Oil Analysis
Analysis of Oil Additives Following ASTM D4951 with the Avio 200 ICP-OES
Dec 22 2016
Introduction
When blending base oils and additives for use as lubricants, it is important to know and control the concentrations of certain elements for optimal performance and longer engine life. Because this process is so crucial, ASTM developed a method for monitoring this procedure: ASTM method D4951, which covers barium (Ba), boron (B), calcium (Ca), copper (Cu), magnesium (Mg), molybdenum (Mo), phosphorus (P), sulphur (S), and zinc (Zn). However, not all these elements need to be measured all the time – the blends and additives are specified to meet certain performance specifications which can vary among oil types, depending on their final use.
Oil blending facilities typically analyze 10-40 samples per day to support manufacturing. As a result of the low sample load, small number of elements, and relatively high concentrations, analysis is most commonly performed either by X-ray or ICP-OES, with each technique having its advantages and limitations.

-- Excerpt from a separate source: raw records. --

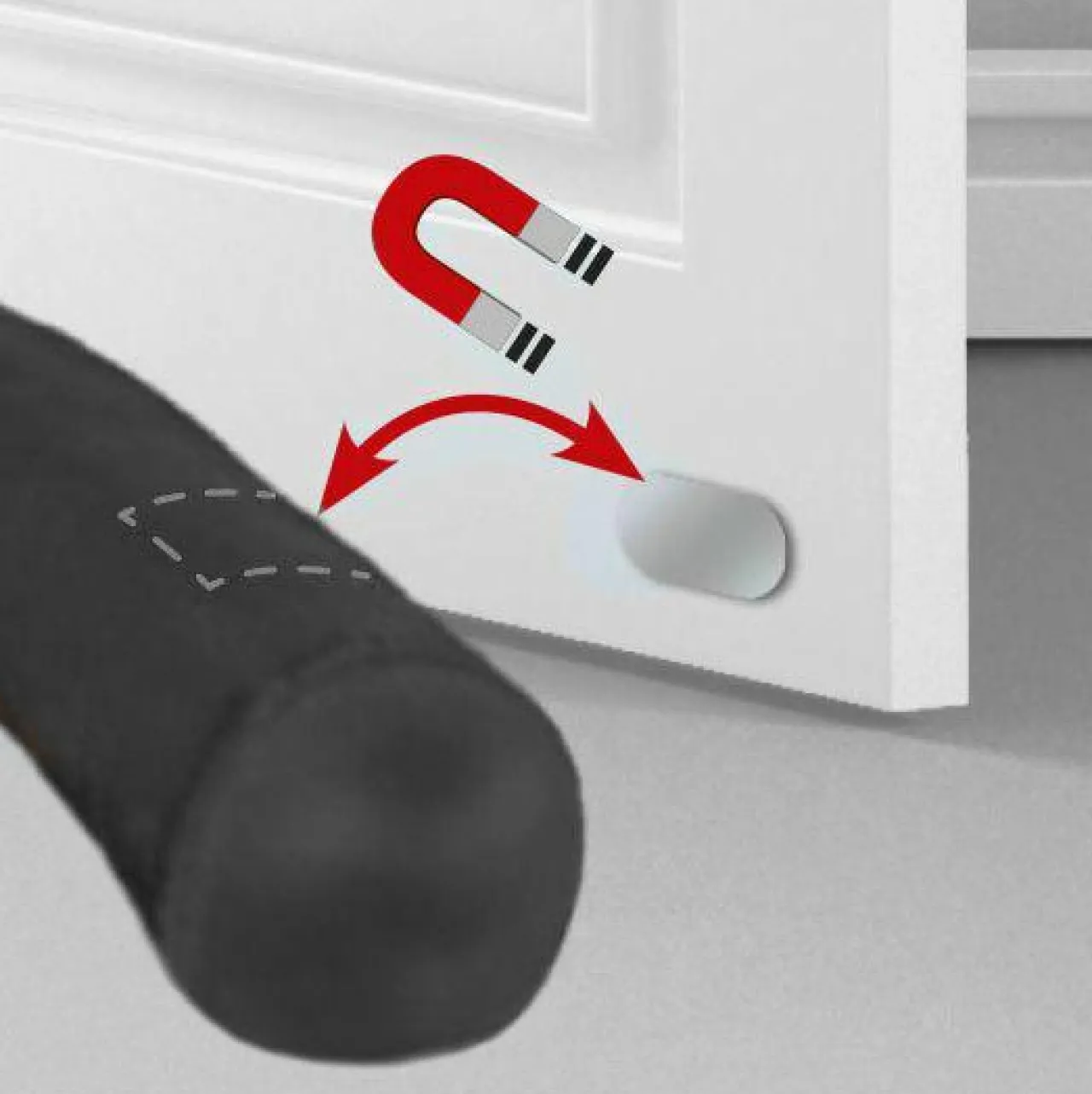 Matière : enveloppe 60% coton et 40% polyester, garnissage 100% polyester ( 2 aimants intégrés dans le coussin et 2 supports adhésifs fournis) . Installation facile, pour tous les types de porte (bois, alu, acier, pvc) . S’adapte aux sols lisses comme parquets et les revêtements en bois, le PVC, les sols stratifiés.
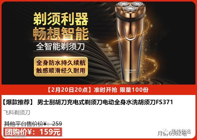 大品牌飞科剃须刀FS371,智能三刀头浮动贴面系统
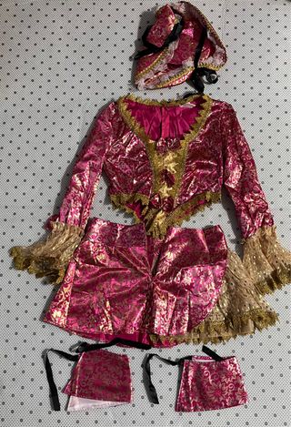Este disfraz de pirata está confeccionado en terciopelo con detalles bordados (hecho a mano). Se compone de: - camisa blanca con flores en el cuello de lentejuelas rojas - falda rojo- burdeos - tela q se une a la falda y cubre parte del cuerpo- chaqueta de un hombro - pañuelo de la cabeza - manga con bordado brocado brillante - Tejido principal de terciopelo. - Adornos dorados y rojos. - Diseño con bordados intrincados. Presenta algunas manchas amarillentas en la camisa de estar guardado
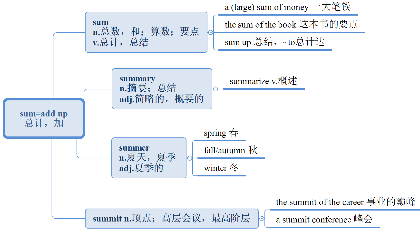 以上就是小編分享“2021MPAcc英語學習 | 科學詞根記憶:sum=add up”的全部內容,希望你們的英語成績能更上一層樓,越來越好。
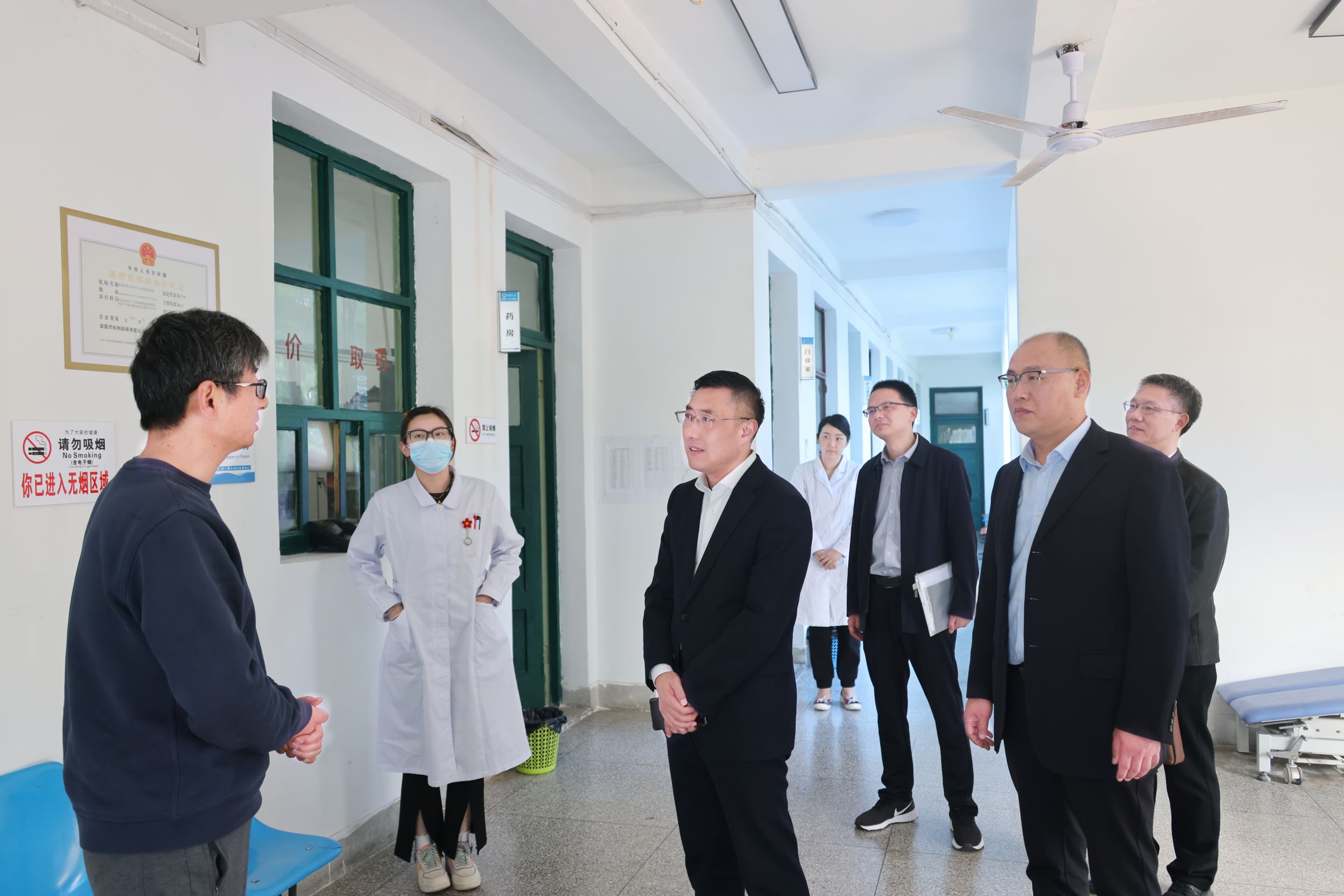 在天门山校区,张立驰一行实地走访调研了学校校医院、“一站式”学生社区、学生宿舍、操场、大礼堂、北教学楼、图书馆、校园家属区等处,详细了解校区基本情况。

This work will focus on the analysis of additives in new oils using PerkinElmer’s Avio™ 200 ICP Optical Emission Spectrometer1 (ICP-OES), which overcomes limitations of other ICP-OES systems and X-ray analyses.
Experimental
Samples and Standards Preparation
New oil samples were obtained and diluted 10x by weight with V-Solv™ containing 40 ppm cobalt (Co) as an internal standard. Calibration curves were made from a 75 cSt base oil as a blank, two V-23 stock solutions at 100 and 500 ppm (PerkinElmer), and a Metals Additives Standard (MA4) (PerkinElmer) which contains Ca at 5000 ppm as well as P, Mg, and Zn at 1600 ppm. The blank and all standards were prepared the same way as the samples. The MA4 standard was used as the QC sample during the analysis of samples.
Instrument Conditions
All analyses were performed on the Avio 200 ICP-OES running in radial mode, The nebuliser gas flow was adjusted so that the tip of the “green bullet” in the central channel was just below the top flat plate, as shown in Figure 1.
Results and Discussion
Five new oil samples with different formulations were analysed, and the concentrations compared to those obtained from X-ray analysis using ASTM D6443. The results indicate that both analyses gave similar results, thus demonstrating agreement of the results with X-ray. In addition, the relative standard deviations (RSDs) for each measurement were generally 1% or less, with the exception of the low-level analytes (Mg in Oil 3 and 5), where the low intensities resulted in statistically slightly higher RSDs.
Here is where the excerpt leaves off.